■ **Exercise aim**
Once the line containing "Op de A28 tussen" is found in the material below, it and every line after it should be transcribed exactly, with pictures left out and nothing added.
»»
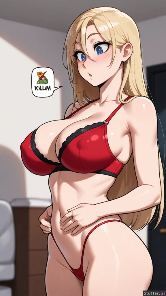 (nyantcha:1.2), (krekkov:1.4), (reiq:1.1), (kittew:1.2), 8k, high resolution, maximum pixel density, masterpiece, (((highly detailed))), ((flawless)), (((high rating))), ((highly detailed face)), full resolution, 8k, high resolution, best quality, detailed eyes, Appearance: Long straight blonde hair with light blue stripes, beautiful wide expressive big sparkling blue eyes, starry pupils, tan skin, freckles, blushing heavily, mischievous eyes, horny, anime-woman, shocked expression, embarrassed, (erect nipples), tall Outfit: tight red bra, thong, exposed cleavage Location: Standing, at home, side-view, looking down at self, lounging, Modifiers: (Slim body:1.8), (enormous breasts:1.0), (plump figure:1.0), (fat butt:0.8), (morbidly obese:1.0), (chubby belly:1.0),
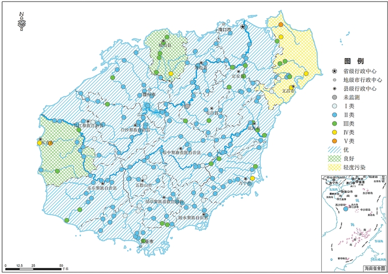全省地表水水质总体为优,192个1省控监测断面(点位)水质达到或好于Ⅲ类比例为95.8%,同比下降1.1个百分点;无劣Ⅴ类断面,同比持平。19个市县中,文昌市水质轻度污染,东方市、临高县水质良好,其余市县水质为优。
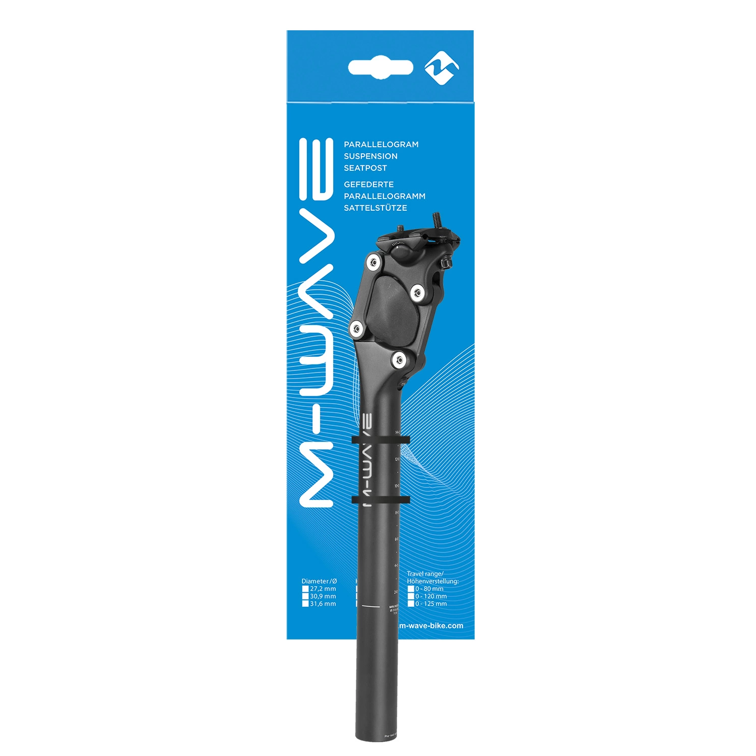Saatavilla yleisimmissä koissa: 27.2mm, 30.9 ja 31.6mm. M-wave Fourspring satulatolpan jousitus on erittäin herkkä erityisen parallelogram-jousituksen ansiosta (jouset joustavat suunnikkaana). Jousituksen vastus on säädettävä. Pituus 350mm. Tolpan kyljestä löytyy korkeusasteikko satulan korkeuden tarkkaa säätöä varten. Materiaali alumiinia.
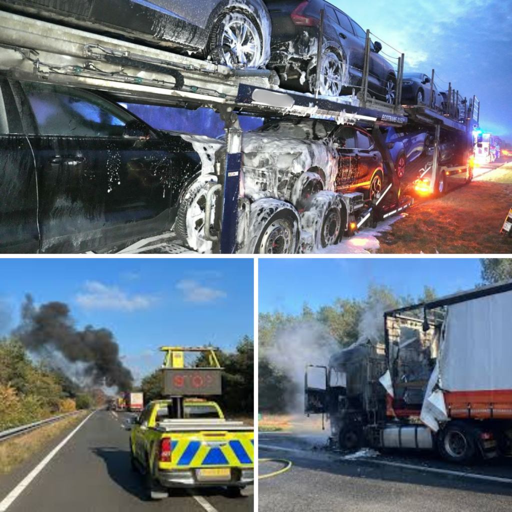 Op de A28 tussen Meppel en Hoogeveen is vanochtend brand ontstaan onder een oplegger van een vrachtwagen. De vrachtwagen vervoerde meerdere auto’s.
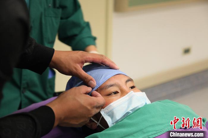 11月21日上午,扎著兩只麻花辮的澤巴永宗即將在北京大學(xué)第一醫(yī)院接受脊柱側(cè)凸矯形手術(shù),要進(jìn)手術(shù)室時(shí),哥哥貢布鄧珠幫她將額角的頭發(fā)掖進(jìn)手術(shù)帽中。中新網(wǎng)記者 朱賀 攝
««
■ **Solution to the exercise**
 Op de A28 tussen Meppel en Hoogeveen is vanochtend brand ontstaan onder een oplegger van een vrachtwagen. De vrachtwagen vervoerde meerdere auto’s.
 11月21日上午,扎著兩只麻花辮的澤巴永宗即將在北京大學(xué)第一醫(yī)院接受脊柱側(cè)凸矯形手術(shù),要進(jìn)手術(shù)室時(shí),哥哥貢布鄧珠幫她將額角的頭發(fā)掖進(jìn)手術(shù)帽中。中新網(wǎng)記者 朱賀 攝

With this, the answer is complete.